Russian President Dmitry Medvedev said on Thursday plans to put offensive weapon systems on Russia's borders to counter a planned European missile shield were not electoral rhetoric but a forced measure.
"The statement has no tactical or pre-election implications, as some opposition members put it," Medvedev said. "It was a thoroughly considered decision, and, to put it bluntly, I was in fact forced to make it."
Medvedev said last week that Russia would move "advanced offensive weapon systems" to its European borders in response to a planned missile shield if talks on Russia's participation in the project fail. Moscow is seeking written, legally binding guarantees that the shield will not be directed against it, Washington, however, has refused to put its verbal assurances in writing.

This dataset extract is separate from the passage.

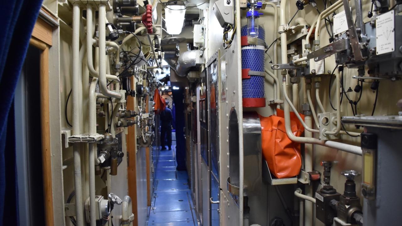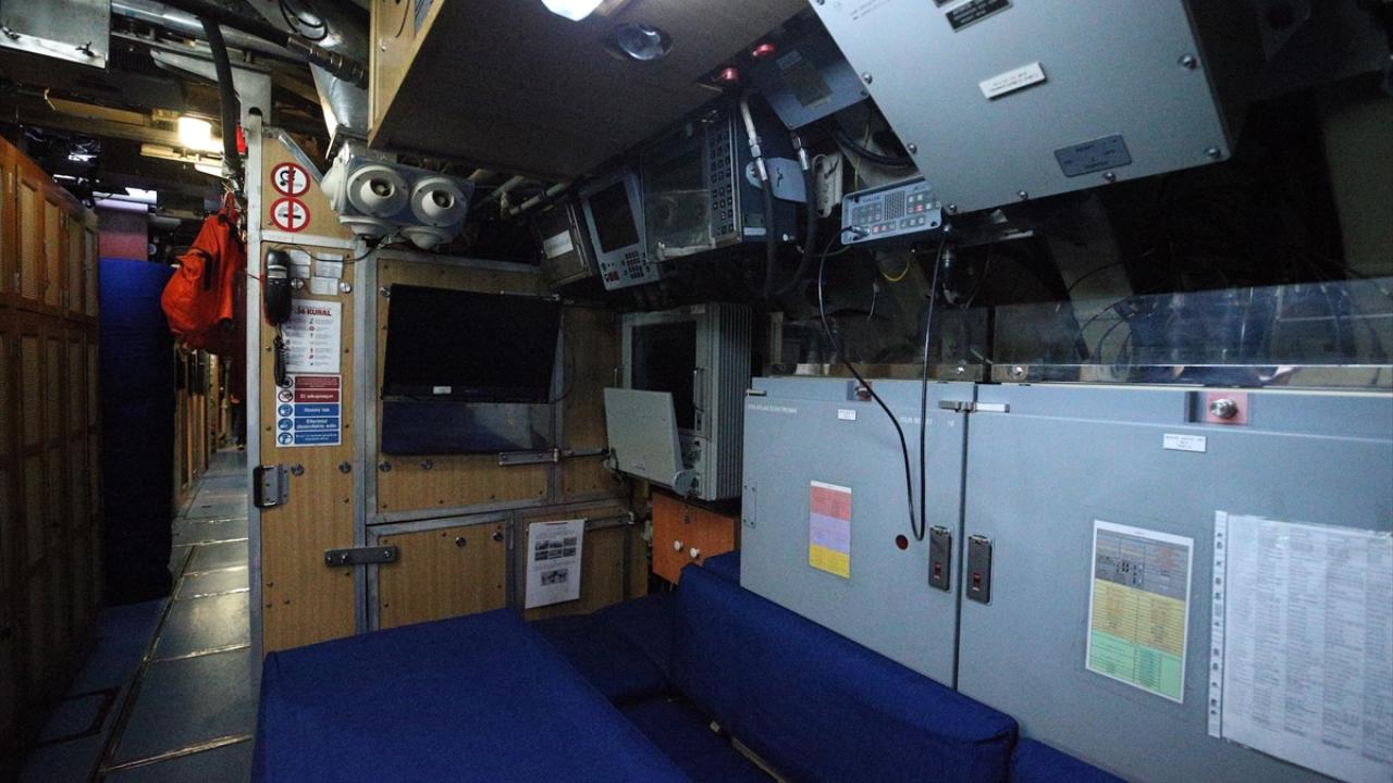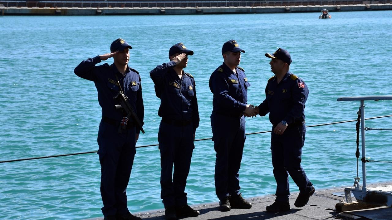 TCG 1. İnönü Komutanı Deniz Albay İsmail Koç ve 2. Komutan Binbaşı Orkun Turan, gazetecileri karşılarken denizaltının bazı bölümlerini gezdirdi.

He said that he has raised the issue repeatedly, including at a meeting with NATO partners and U.S. President Barack Obama.
"All our military specialists are convinced that the proposed European missile shield configuration will impair the world's strategic parity and the relations that we recently had, including the [New] START Treaty," Medvedev said.
He said that Russia would take a set of measures within the next eight or ten years to reduce a threat to its security, and the first step has already been made, namely Tuesday's launch of a new anti-missile radar station in the Russian Baltic exclave of Kaliningrad.
"If we and our partners fail to come to an agreement on some issues within the next ten, or eight, or nine years, we will have to introduce a whole range of forced measures. And our response to the European missile shield will also be step-by-step measures," the Russian president said.
Medvedev said on Tuesday the radar in Kaliningrad, capable of monitoring missile launches from the North Atlantic, as well as the U.S.-backed future European missile shield, should be treated by the West as the "first signal" of Russia's readiness to counter "threats" posed by NATO's missile defense plans.
"Other measures have also been announced," he added. "If the events continue to unfold in this direction, we will have to respond. And we have both material and military bases for it."
Among other measures announced by Medvedev in his address to the nation on November 23, was the planned deployment of Iskander tactical missiles in the Kaliningrad Region in the near future and halting its disarmament and arms control efforts, including participation in the new strategic arms reduction treaty with the United States.